Embeddings will be tested using WordSim-353 dataset, the code showing the quality is in the cell below. Prepare the following corpora:
1. Tokenized Brown Corpora
2. Definitions and examples from Princeton WordNet
3. (1) and (2) together
4. (3) enriched with pseudosentences containing (a subset) of WordNet knowledge (such as 'tiger is a carnivore')

Train 4 Word2Vec models, and raport Spearman correletion between similarities based on your vectors, and similarities based on human judgements.



In [10]:
# Code for computing correlation between W2V similarity, and human judgements

import gensim.downloader
from scipy.stats import spearmanr

gn = gensim.downloader.load('word2vec-google-news-300')

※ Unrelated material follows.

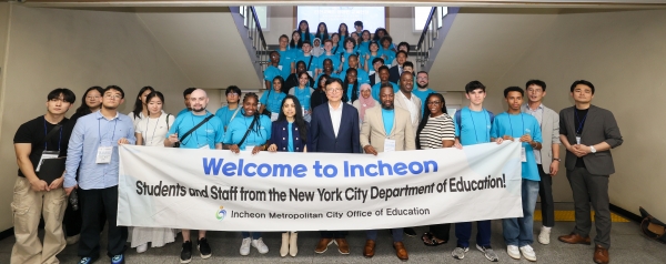 [금요저널] 인천광역시교육청은 14일 ‘인천-뉴욕 고교생 국제교류 프로그램’에 참여하기 위해 방한한 뉴욕 방문단을 환영하는 행사를 열었다.

for similarity_type in ['relatedness', 'similarity']:
    ws353 = []
    for x in open(f'wordsim_{similarity_type}_goldstandard.txt'): 
        a,b,val = x.split()
        val = float(val)
        ws353.append( (a,b,val))
    # spearmanr returns 2 vallues: correlation and pval. pval should be close to zero
    print (similarity_type + ':', spearmanr(vals, ys)) 



FileNotFoundError: [Errno 2] No such file or directory: 'wordsim_relatedness_goldstandard.txt'